### Task:
In the listing below, find the line with "Vicloon Cucchiaino Svezzamento, 7" and the line with "Hotbath ACE Regendoucheset", then return them and every line between them exactly, minus the pictures.

### Study material:
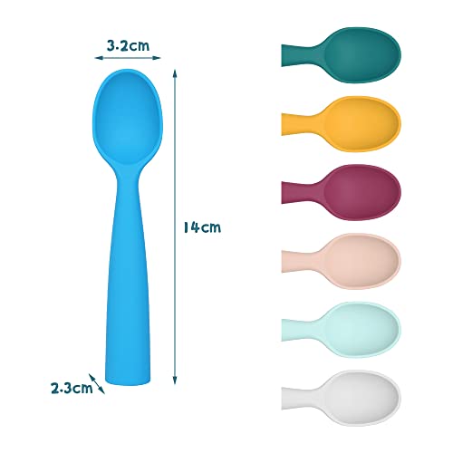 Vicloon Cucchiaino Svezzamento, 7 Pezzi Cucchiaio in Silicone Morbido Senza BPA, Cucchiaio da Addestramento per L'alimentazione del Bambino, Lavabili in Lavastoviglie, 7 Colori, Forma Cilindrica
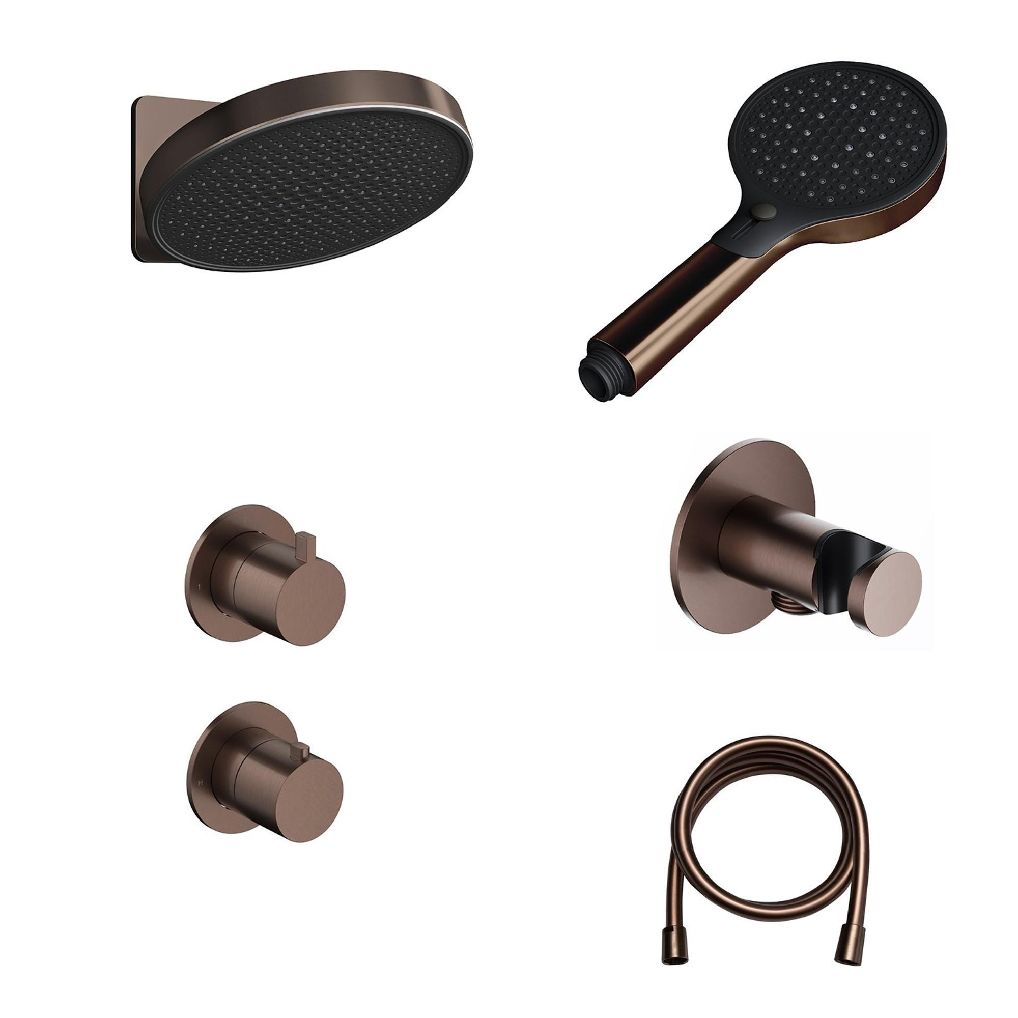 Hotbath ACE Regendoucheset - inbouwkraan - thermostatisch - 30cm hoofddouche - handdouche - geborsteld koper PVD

...

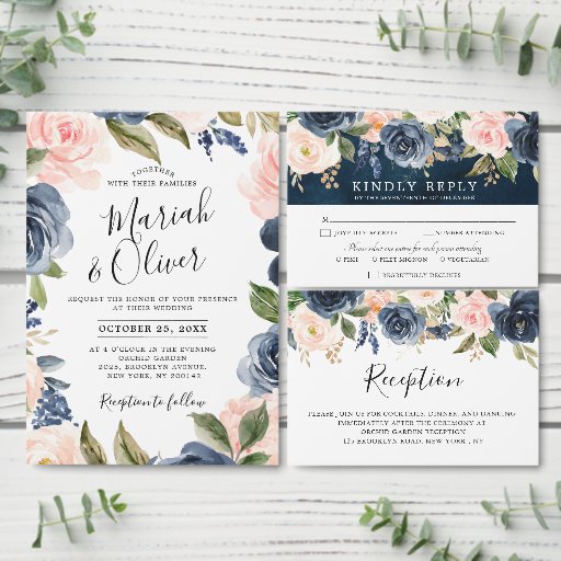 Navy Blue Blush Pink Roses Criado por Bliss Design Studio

### Answer space:
 Vicloon Cucchiaino Svezzamento, 7 Pezzi Cucchiaio in Silicone Morbido Senza BPA, Cucchiaio da Addestramento per L'alimentazione del Bambino, Lavabili in Lavastoviglie, 7 Colori, Forma Cilindrica
 Hotbath ACE Regendoucheset - inbouwkraan - thermostatisch - 30cm hoofddouche - handdouche - geborsteld koper PVD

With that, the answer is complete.